Directions
Return, exactly and with nothing added, the line with "2016年5月7日,公司组队" together with all lines after it through the end of the data below. No pictures belong in the copy.

(Stored data entries)
☆ ☆ ☆ ☆ ☆ ☆ ☆

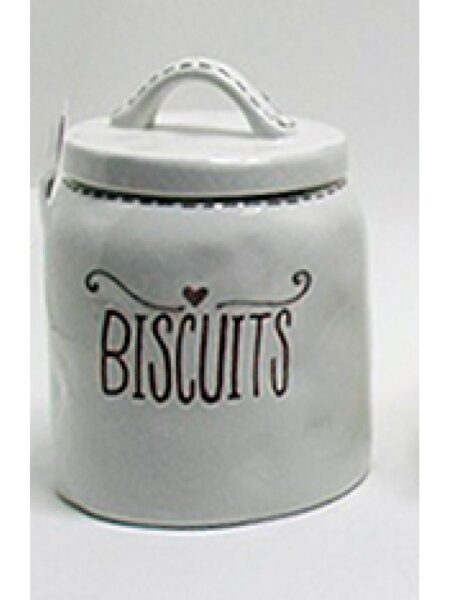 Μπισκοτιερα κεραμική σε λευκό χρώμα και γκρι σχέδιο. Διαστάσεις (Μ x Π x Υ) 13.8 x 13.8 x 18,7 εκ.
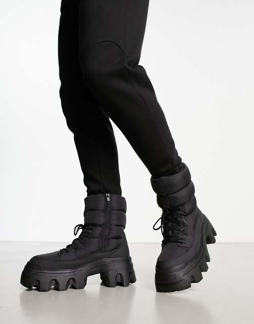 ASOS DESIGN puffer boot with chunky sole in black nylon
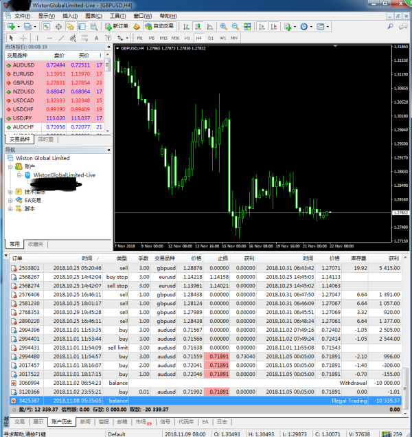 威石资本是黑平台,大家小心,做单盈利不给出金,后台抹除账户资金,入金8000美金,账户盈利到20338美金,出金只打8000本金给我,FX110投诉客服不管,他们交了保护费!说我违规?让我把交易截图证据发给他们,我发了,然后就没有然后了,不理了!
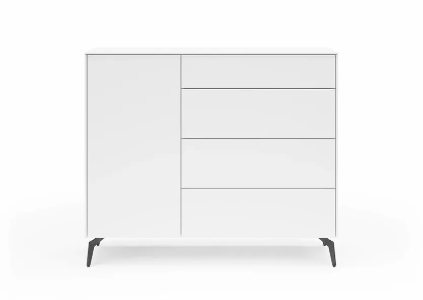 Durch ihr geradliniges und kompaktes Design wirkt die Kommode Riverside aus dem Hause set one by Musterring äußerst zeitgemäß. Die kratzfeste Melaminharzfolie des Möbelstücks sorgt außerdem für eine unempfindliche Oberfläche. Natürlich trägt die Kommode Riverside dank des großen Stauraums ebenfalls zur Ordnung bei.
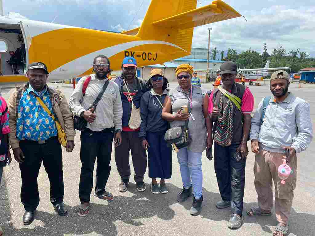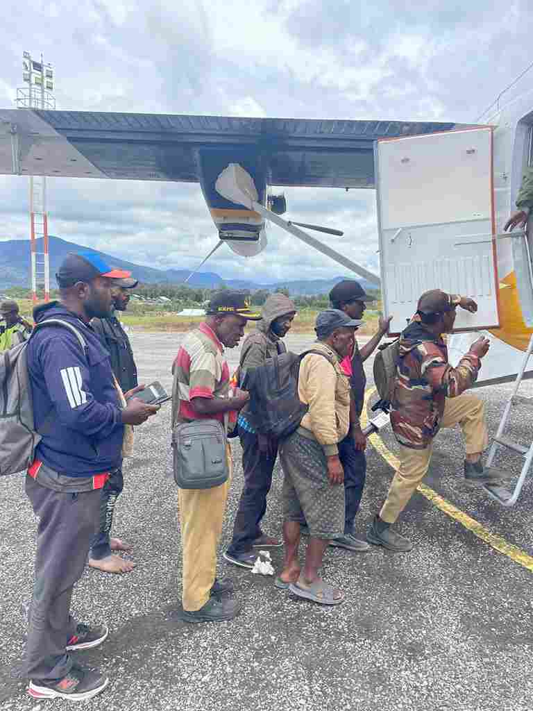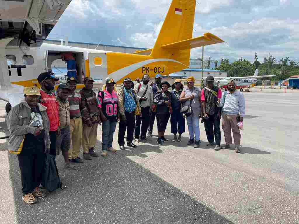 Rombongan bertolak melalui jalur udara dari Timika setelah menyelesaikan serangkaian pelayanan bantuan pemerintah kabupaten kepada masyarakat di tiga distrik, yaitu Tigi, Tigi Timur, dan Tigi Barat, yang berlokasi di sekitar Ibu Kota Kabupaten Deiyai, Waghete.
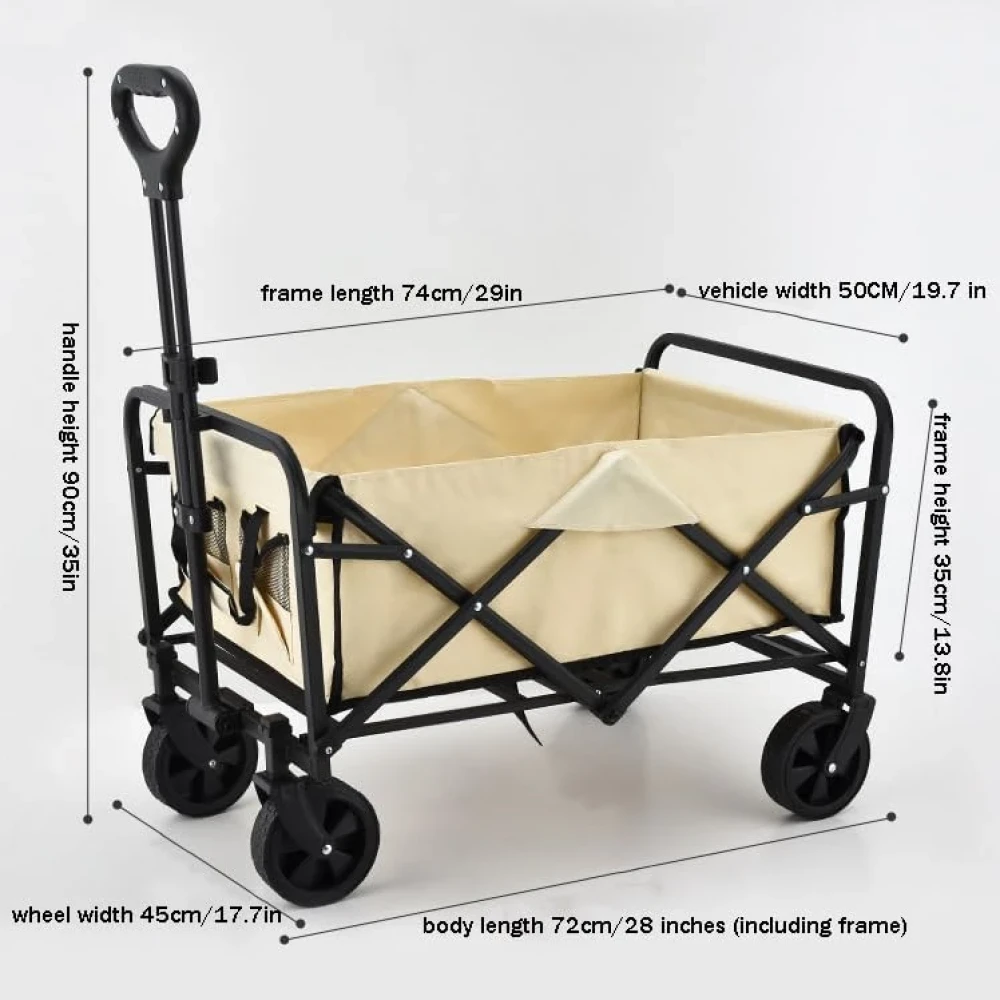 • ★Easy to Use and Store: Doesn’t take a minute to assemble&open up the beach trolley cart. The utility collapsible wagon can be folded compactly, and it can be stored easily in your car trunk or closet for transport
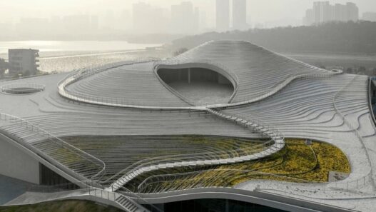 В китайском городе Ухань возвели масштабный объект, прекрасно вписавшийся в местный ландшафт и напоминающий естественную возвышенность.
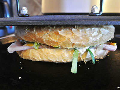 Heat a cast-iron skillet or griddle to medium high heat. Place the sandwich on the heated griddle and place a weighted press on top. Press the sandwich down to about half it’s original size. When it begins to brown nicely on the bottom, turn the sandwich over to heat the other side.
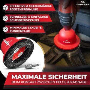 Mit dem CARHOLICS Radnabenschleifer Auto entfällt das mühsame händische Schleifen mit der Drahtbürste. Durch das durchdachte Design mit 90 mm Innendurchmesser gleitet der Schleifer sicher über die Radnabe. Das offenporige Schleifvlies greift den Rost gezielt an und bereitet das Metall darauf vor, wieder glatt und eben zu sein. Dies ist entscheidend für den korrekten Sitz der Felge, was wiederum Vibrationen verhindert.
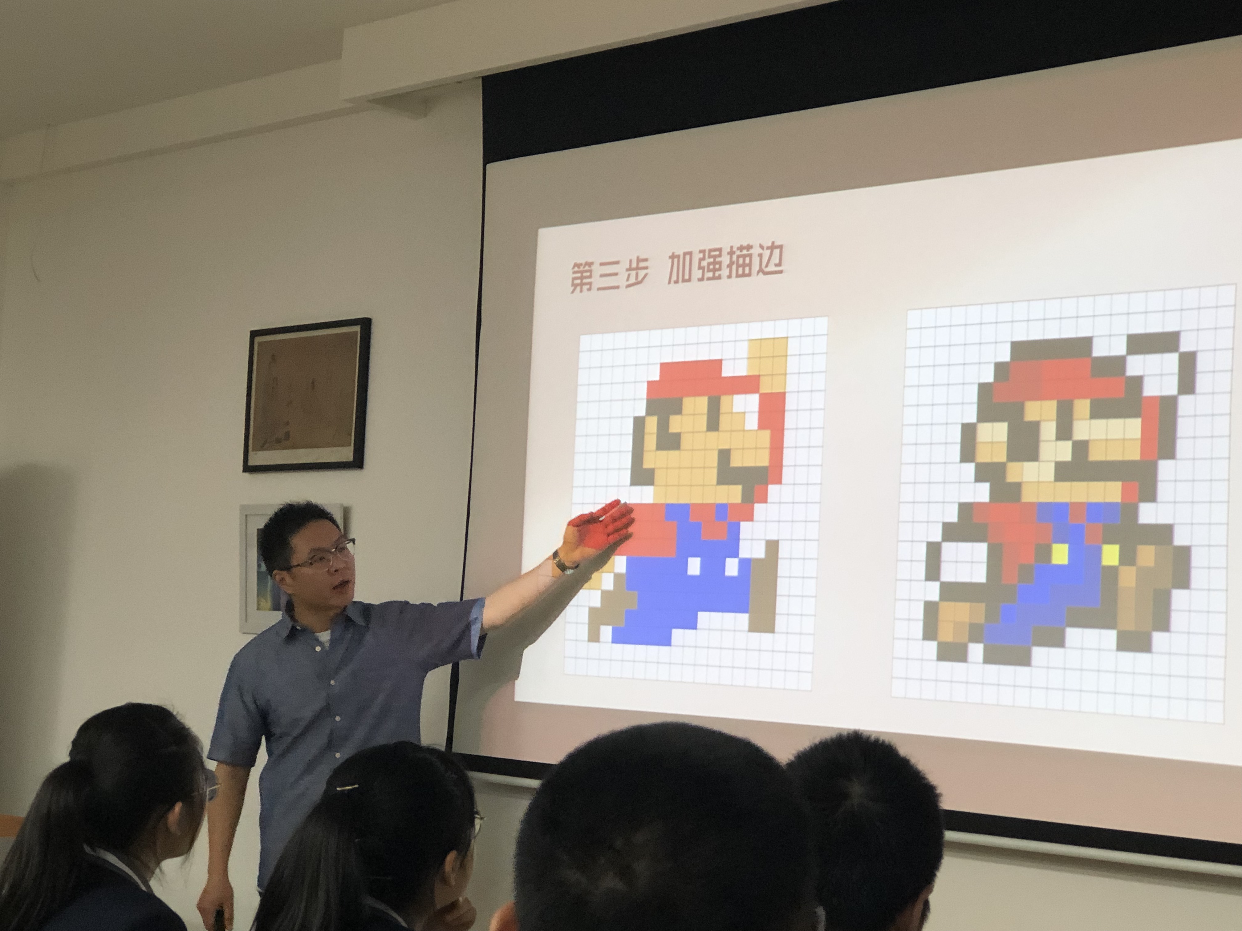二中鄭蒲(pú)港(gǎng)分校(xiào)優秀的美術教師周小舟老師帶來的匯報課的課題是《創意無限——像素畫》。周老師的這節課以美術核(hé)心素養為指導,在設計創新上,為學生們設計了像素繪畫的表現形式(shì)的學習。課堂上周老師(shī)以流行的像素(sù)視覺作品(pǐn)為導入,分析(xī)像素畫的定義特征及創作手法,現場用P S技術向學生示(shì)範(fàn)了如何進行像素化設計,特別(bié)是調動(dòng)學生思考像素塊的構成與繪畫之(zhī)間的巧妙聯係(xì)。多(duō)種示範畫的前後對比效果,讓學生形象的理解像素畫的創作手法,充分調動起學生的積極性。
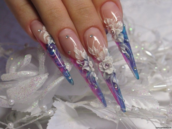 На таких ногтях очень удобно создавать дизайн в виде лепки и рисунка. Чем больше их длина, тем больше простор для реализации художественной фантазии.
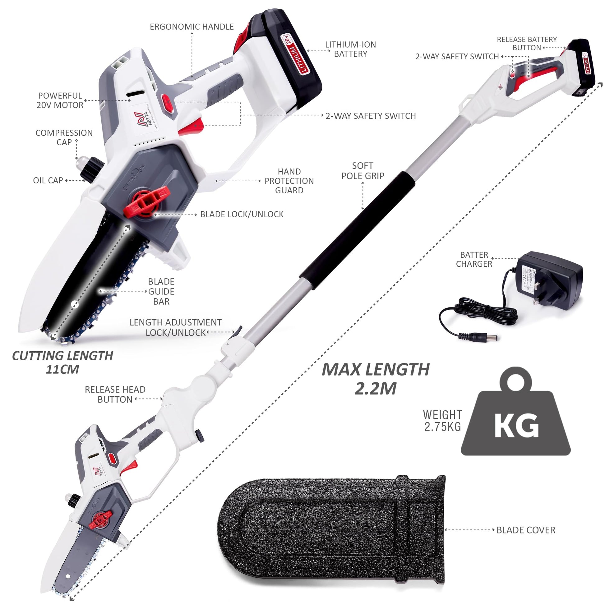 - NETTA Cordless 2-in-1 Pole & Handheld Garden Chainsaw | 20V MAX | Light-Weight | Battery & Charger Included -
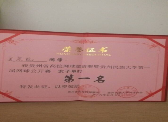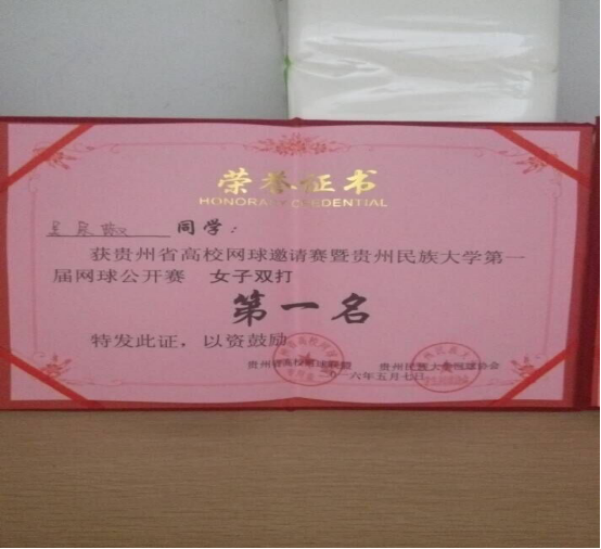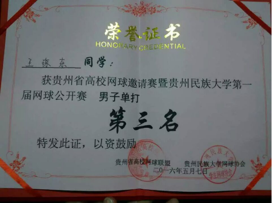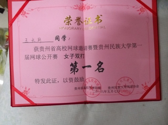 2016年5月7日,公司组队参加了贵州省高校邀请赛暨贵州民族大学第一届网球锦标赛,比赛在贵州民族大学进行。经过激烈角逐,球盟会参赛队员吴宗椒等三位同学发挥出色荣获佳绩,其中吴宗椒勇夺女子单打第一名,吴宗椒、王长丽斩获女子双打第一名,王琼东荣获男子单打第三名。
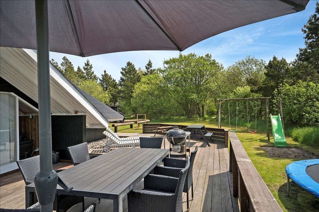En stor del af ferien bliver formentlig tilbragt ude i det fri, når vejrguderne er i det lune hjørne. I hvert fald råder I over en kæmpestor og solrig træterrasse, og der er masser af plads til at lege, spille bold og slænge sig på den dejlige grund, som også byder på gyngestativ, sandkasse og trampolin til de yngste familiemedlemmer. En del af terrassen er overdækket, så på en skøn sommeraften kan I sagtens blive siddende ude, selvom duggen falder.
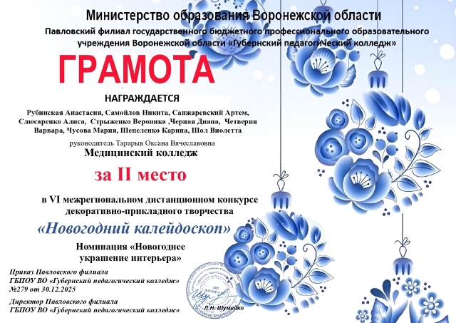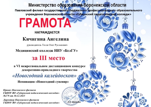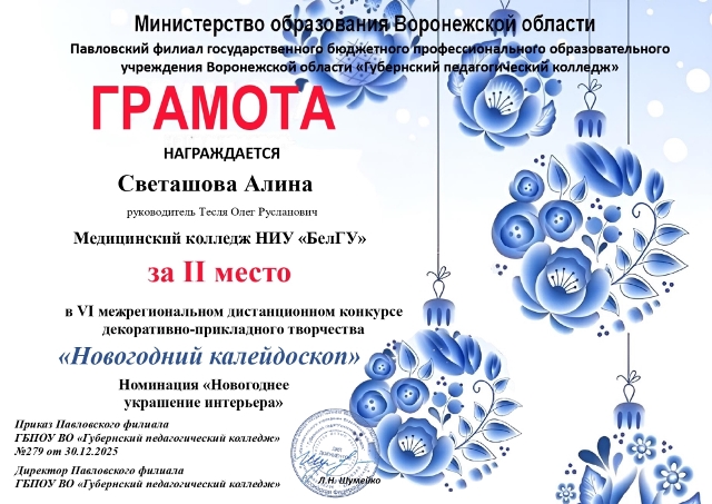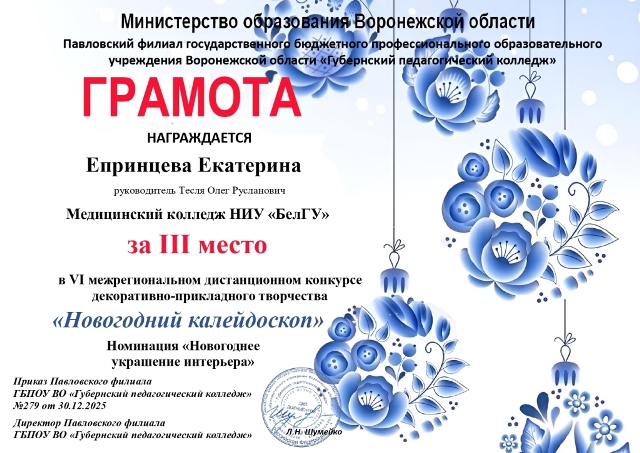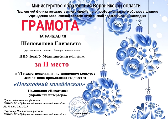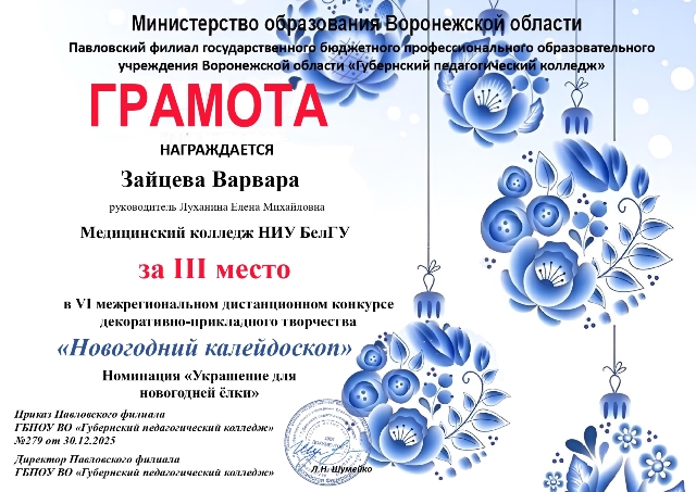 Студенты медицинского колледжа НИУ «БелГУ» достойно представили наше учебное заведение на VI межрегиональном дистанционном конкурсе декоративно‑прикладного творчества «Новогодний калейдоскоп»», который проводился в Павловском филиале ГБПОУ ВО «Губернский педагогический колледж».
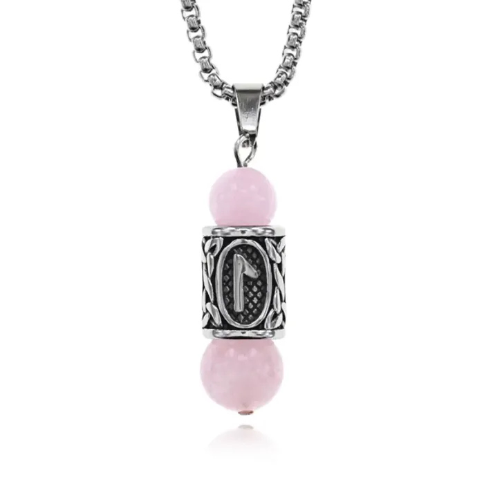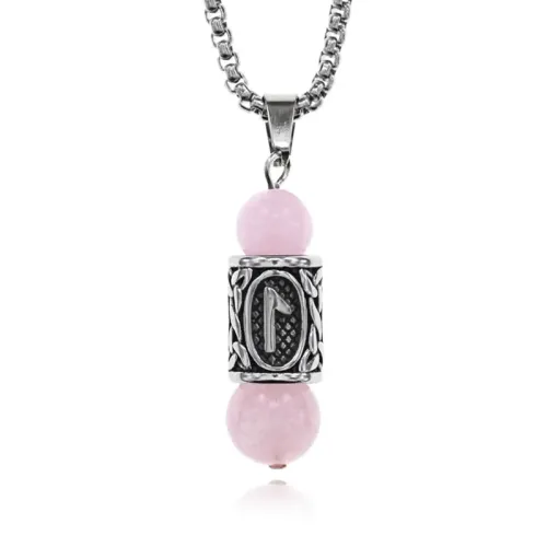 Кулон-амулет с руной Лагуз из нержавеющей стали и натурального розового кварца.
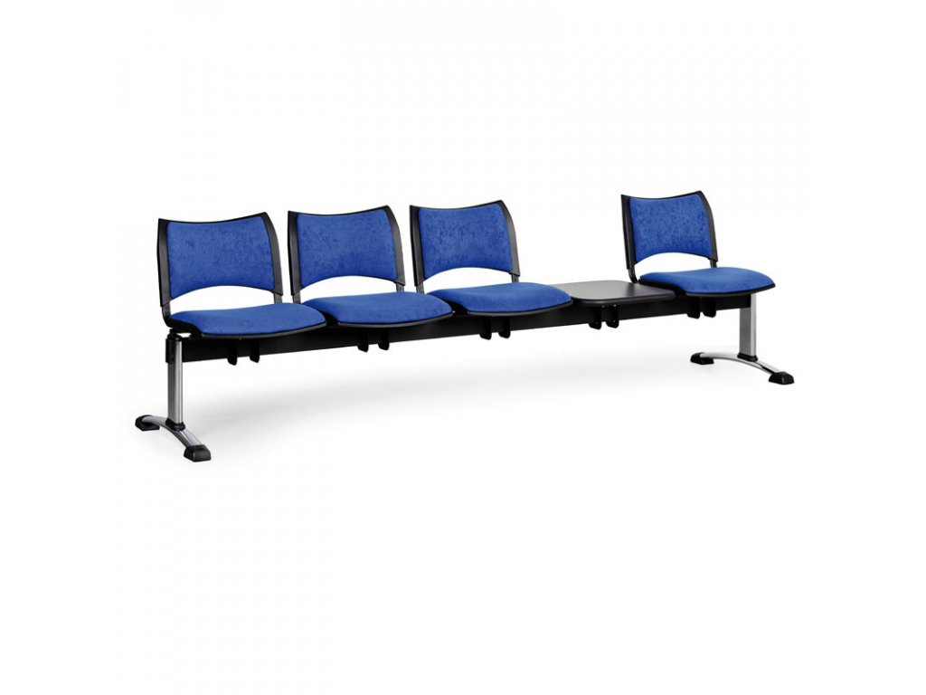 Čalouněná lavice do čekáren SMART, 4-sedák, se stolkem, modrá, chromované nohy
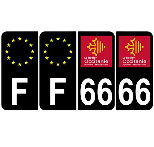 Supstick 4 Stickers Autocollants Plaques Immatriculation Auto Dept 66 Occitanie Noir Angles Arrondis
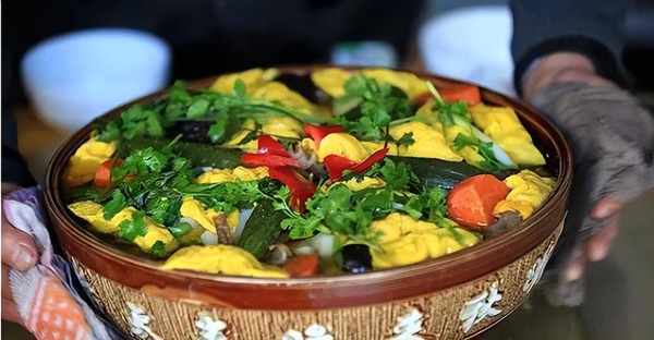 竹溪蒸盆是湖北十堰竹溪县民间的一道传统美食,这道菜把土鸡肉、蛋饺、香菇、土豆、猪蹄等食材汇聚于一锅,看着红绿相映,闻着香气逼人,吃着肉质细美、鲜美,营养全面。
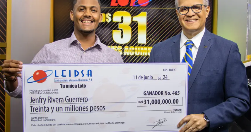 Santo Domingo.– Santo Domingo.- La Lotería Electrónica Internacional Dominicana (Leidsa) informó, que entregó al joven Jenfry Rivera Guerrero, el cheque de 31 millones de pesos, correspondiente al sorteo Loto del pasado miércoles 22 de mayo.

☆ ☆ ☆ ☆ ☆ ☆ ☆

Your solution
 2016年5月7日,公司组队参加了贵州省高校邀请赛暨贵州民族大学第一届网球锦标赛,比赛在贵州民族大学进行。经过激烈角逐,球盟会参赛队员吴宗椒等三位同学发挥出色荣获佳绩,其中吴宗椒勇夺女子单打第一名,吴宗椒、王长丽斩获女子双打第一名,王琼东荣获男子单打第三名。
En stor del af ferien bliver formentlig tilbragt ude i det fri, når vejrguderne er i det lune hjørne. I hvert fald råder I over en kæmpestor og solrig træterrasse, og der er masser af plads til at lege, spille bold og slænge sig på den dejlige grund, som også byder på gyngestativ, sandkasse og trampolin til de yngste familiemedlemmer. En del af terrassen er overdækket, så på en skøn sommeraften kan I sagtens blive siddende ude, selvom duggen falder.
 Студенты медицинского колледжа НИУ «БелГУ» достойно представили наше учебное заведение на VI межрегиональном дистанционном конкурсе декоративно‑прикладного творчества «Новогодний калейдоскоп»», который проводился в Павловском филиале ГБПОУ ВО «Губернский педагогический колледж».
 Кулон-амулет с руной Лагуз из нержавеющей стали и натурального розового кварца.
 Čalouněná lavice do čekáren SMART, 4-sedák, se stolkem, modrá, chromované nohy
 Supstick 4 Stickers Autocollants Plaques Immatriculation Auto Dept 66 Occitanie Noir Angles Arrondis
 竹溪蒸盆是湖北十堰竹溪县民间的一道传统美食,这道菜把土鸡肉、蛋饺、香菇、土豆、猪蹄等食材汇聚于一锅,看着红绿相映,闻着香气逼人,吃着肉质细美、鲜美,营养全面。
 Santo Domingo.– Santo Domingo.- La Lotería Electrónica Internacional Dominicana (Leidsa) informó, que entregó al joven Jenfry Rivera Guerrero, el cheque de 31 millones de pesos, correspondiente al sorteo Loto del pasado miércoles 22 de mayo.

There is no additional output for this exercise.